**WHAT YOU NEED TO DO:**
Below are some records. Return exactly their lines from the one containing "Together with Benni" through the one containing "Rzeczywiście, jeden z", and drop the pictures.

Start of THE DATA

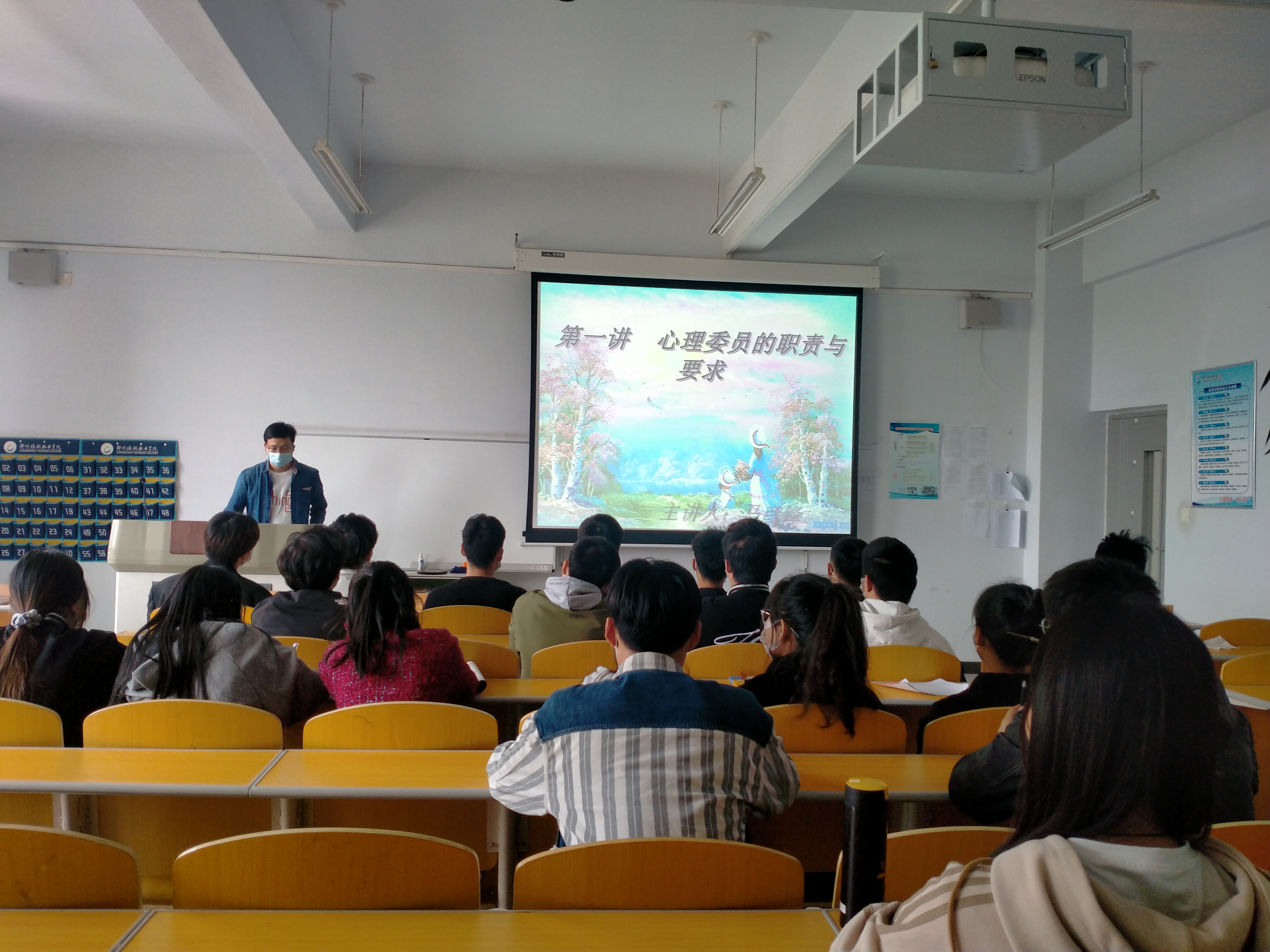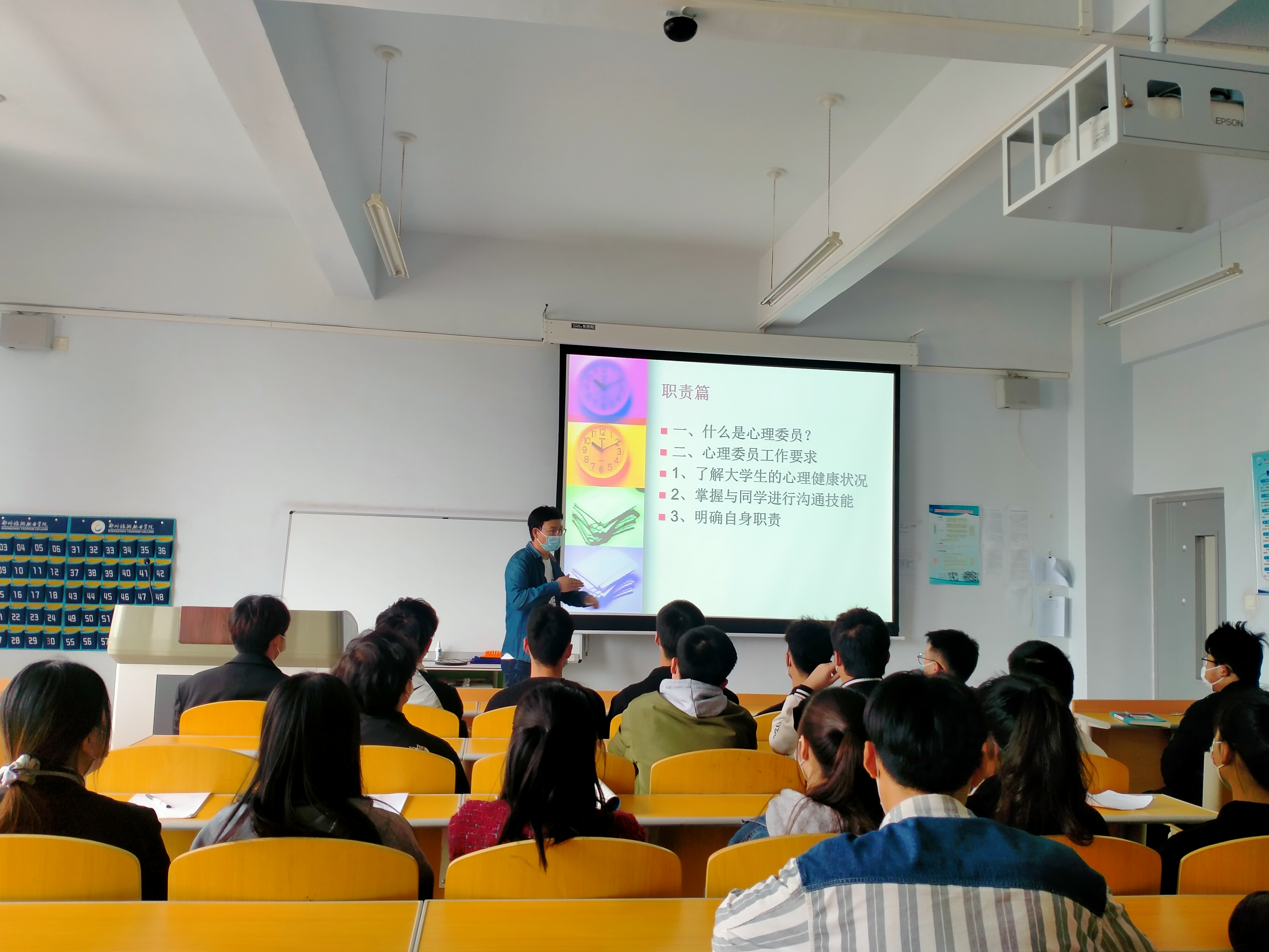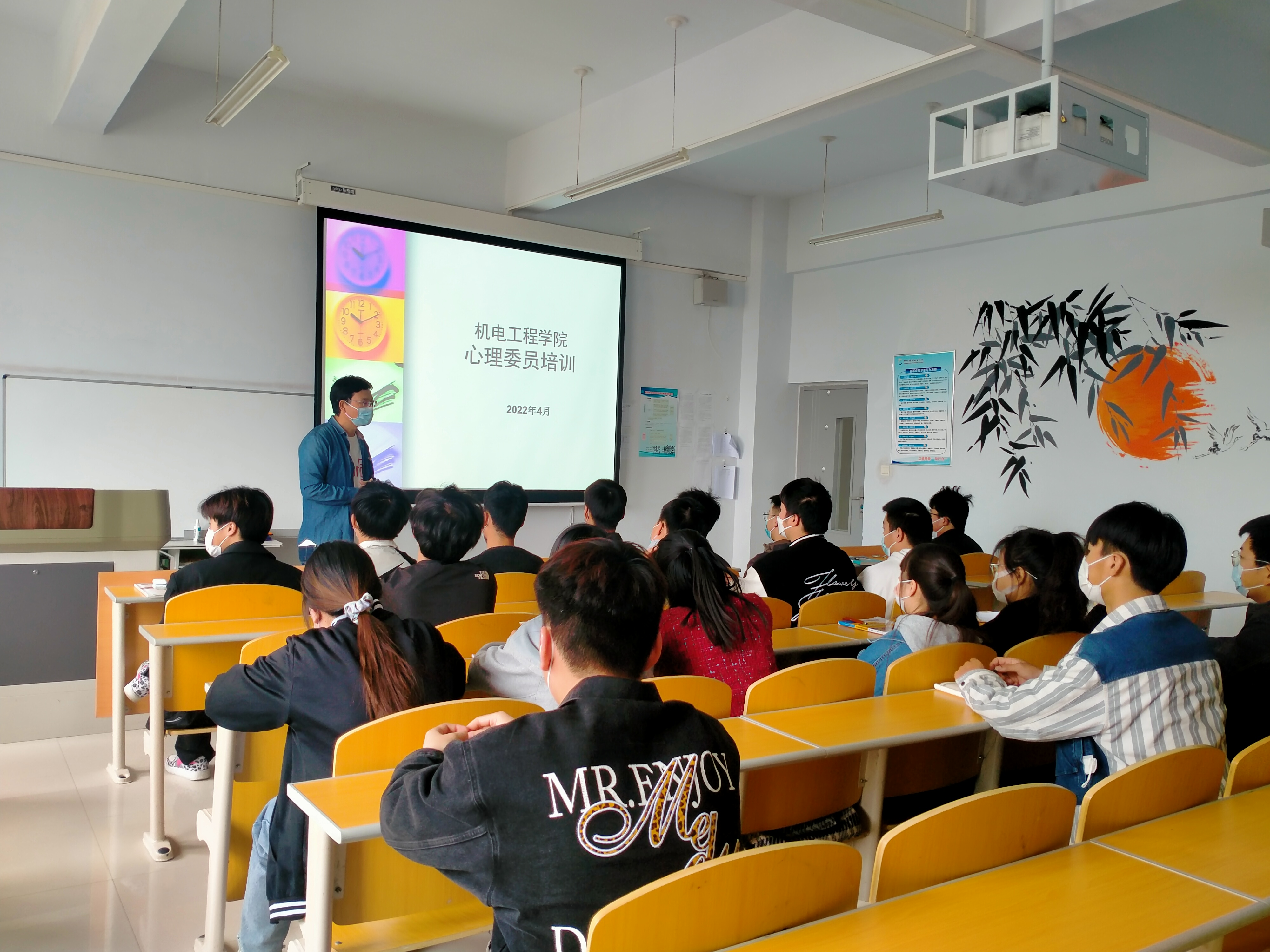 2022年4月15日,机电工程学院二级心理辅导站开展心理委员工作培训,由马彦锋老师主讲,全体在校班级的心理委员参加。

End of THE DATA
Start of THE DATA

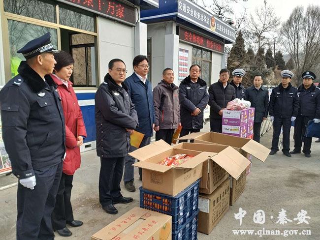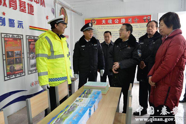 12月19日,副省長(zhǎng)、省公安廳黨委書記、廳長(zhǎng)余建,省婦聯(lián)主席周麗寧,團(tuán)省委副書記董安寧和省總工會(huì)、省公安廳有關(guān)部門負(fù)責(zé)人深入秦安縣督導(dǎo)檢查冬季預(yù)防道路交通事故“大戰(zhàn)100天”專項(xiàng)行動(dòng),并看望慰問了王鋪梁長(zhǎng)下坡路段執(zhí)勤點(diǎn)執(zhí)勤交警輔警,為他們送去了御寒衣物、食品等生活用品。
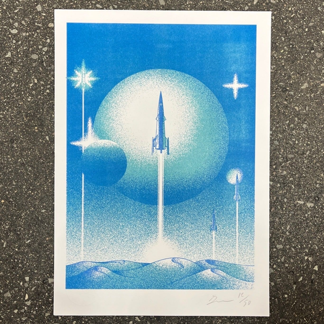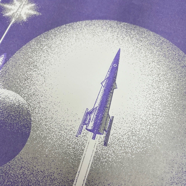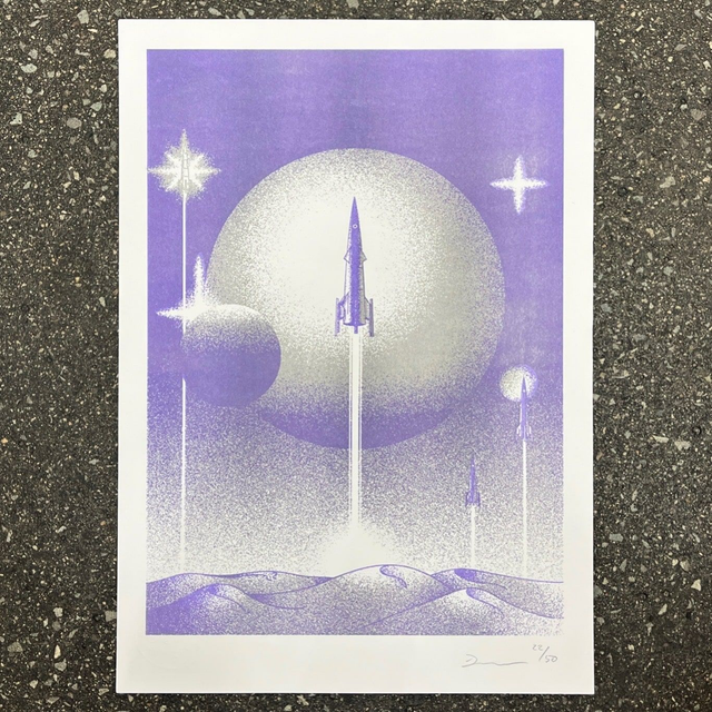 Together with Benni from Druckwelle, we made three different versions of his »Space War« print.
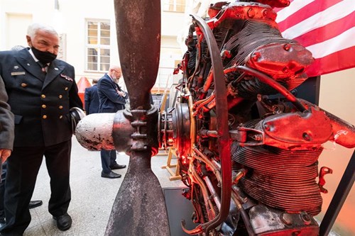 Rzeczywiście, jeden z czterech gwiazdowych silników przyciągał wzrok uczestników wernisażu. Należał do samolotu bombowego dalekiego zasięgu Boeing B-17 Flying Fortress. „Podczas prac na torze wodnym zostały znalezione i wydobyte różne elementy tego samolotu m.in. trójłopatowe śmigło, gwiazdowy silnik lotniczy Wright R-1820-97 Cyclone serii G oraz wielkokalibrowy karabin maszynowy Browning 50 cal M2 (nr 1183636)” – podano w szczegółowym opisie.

End of THE DATA

**REPLY:**
 Together with Benni from Druckwelle, we made three different versions of his »Space War« print.
 Rzeczywiście, jeden z czterech gwiazdowych silników przyciągał wzrok uczestników wernisażu. Należał do samolotu bombowego dalekiego zasięgu Boeing B-17 Flying Fortress. „Podczas prac na torze wodnym zostały znalezione i wydobyte różne elementy tego samolotu m.in. trójłopatowe śmigło, gwiazdowy silnik lotniczy Wright R-1820-97 Cyclone serii G oraz wielkokalibrowy karabin maszynowy Browning 50 cal M2 (nr 1183636)” – podano w szczegółowym opisie.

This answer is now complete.